El número 18.677 tardó más de una década en existir y apenas unas semanas en convertirse en munición electoral. Lo produjo la Jurisdicción Especial para la Paz, el tribunal creado por el acuerdo firmado en 2016 para juzgar los crímenes del conflicto armado colombiano, después de un largo trabajo que contrastó múltiples fuentes e información de base sobre el reclutamiento de menores, en un primer avance que aborda solo a la antigua guerrilla de las FARC. Hoy circula en memes, montajes y cadenas de WhatsApp dirigidos contra Iván Cepeda, candidato presidencial y una de las personas que hicieron posible que ese tribunal exista. La operación funciona por inversión, usa la verdad producida por las instituciones dedicadas a cumplir el acuerdo de paz para destruir a quienes construyeron no solo la negociación sino toda una arquitectura destinada a restablecer derechos desde la verdad, la justicia, la reparación y las garantías de no repetición. Entre la primera y la segunda vuelta de la elección presidencial, ese desvío de un dato judicial hacia la propaganda dice más sobre el estado del país que cualquier encuesta.
La fábrica del dato
Para entender lo que se manipula hay que entender primero cómo se fabrica un dato judicial. La JEP es un tribunal de justicia transicional, es decir, un sistema judicial especial diseñado para procesar crímenes masivos cometidos durante un conflicto, con la obligación de establecer la verdad antes de imponer sanciones. Su método es riguroso por diseño. Cada cifra que publica resulta de contrastar fuentes estatales, informes de organizaciones de víctimas y registros académicos, depurando duplicados hasta llegar a víctimas únicas, personas con nombre o con expediente, no estimaciones.

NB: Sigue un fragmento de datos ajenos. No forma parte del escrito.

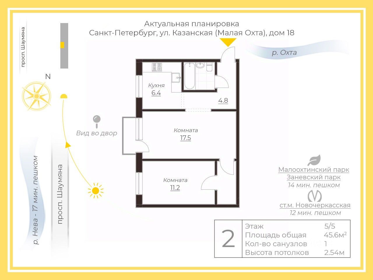 Арт. 69645510 Компактная 2-комнатная квартира с окнами в зеленый двор в 12 минутах от станции метро ''Новочеркасская'' . Квартира расположена на 5-м этаже 5-ти этажного панельного дома 1960 г.п. Общая площадь составляет 45,6 кв.м., не включает площадь лоджии.
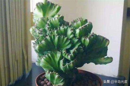 玉麒麟是大戟科大戟属的多肉植物,又叫麒麟角,原产地为印度东部地区,其高度肉质的茎秆通常呈鸡冠状或者扁平扇形,顶端长有长匙形叶片,并带有少量较细的黑色短刺,全株颜色呈绿色或者深绿色,其汁液为乳白色,含有剧毒,如果误食的话可造成严重中毒,而溅入眼中则可导致失明,所以平常养护的时候一定要注意安全,不可随意掰折其茎秆。

El Caso 07 es el expediente que investiga el reclutamiento y la utilización de niños y niñas en la guerra. Fue abierto en marzo de 2019, es el único caso de la JEP dedicado específicamente a las violencias contra menores de edad y abarca a todos los actores armados del conflicto. En agosto de 2021, mediante una providencia judicial conocida como Auto 159, la Sala de Reconocimiento presentó el resultado de su ejercicio de contrastación sobre el subcaso dedicado a la antigua guerrilla, priorizado para poder avanzar en el reconocimiento de responsabilidades. El dato que salió de ese cruce no era una denuncia ni una consigna. Era un universo provisional de hechos, construido para orientar una investigación penal.
La JEP estableció en el Auto 159 de 2021 un universo provisional de 18.677 víctimas únicas de reclutamiento por las extintas FARC-EP entre 1971 y 2016, tras cruzar 31 bases de datos y 36 informes aportados por organizaciones de víctimas, instituciones del Estado y universidades.

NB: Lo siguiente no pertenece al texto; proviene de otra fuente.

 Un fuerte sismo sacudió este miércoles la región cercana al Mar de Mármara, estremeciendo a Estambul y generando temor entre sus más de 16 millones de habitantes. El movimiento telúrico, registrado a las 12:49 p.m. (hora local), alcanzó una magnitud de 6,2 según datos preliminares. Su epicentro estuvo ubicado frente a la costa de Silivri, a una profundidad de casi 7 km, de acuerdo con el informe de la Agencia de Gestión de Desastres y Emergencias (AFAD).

El caso está lejos de cerrarse. Las cifras de lo que otros actores armados, incluidos el Estado y los grupos paramilitares, perpetraron contra esta población aflorarán en su momento, conforme avancen los subcasos restantes. El dato tampoco se quedó quieto en una providencia, siguió produciendo efectos judiciales concretos. En noviembre de 2024, la JEP imputó a seis exintegrantes del último Secretariado de las FARC como máximos responsables de estos crímenes.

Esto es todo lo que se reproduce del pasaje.